Сергей Данилович захлопнул альбом.
– Други мои, анекдот про то, как ЦРУ в СССР агента забрасывало, слышали? Суперкураторы его готовили, парень язык русский выучил лучше тех, кто в Москве родился, документы ему правильные сделали, все предусмотрели, сбросили с самолета. Вышел он в деревню, попросил у старушки воды попить, а та быстренько милицию вызвала, и его повязали. Американец давай ныть: «Разрешите вопрос задать… Как вы догадались, что я шпион?» Бабка ему в ответ: «Милый, да ты же негр!»
Горностаев расхохотался.
– Очень похоже на правду.
Стеклов погладил альбом ладонью.
– Есть такой грешок.

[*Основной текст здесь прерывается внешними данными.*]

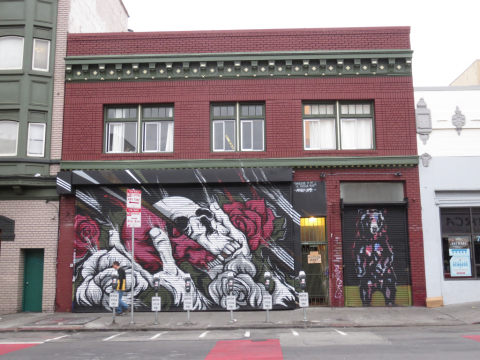 The Geary facade of this simple brick building shows its lovely brickwork and handsome galvanized iron cornice.

Вот и Дмитрий Геннадьевич Ухов, шеф мой, про ерунду не подумал. Поехал, как обычно, в Балуево, вспомнил: праздник на дворе, неудобно явиться в семью с пустыми руками – и прихватил для детей подарки, те же самые, что ребятишкам сотрудников раздавали. Сэкономить решил: зачем самому покупать, если просто так взять можно? Десятилетняя девочка, которую я тебе, Иван Павлович, на первом фото показал, младшая дочка Ухова. Она и правда хорошенькой выросла. А вот первая его дочь, та настоящая красавица, глаз не оторвать. И зовут ее… Угадаешь как?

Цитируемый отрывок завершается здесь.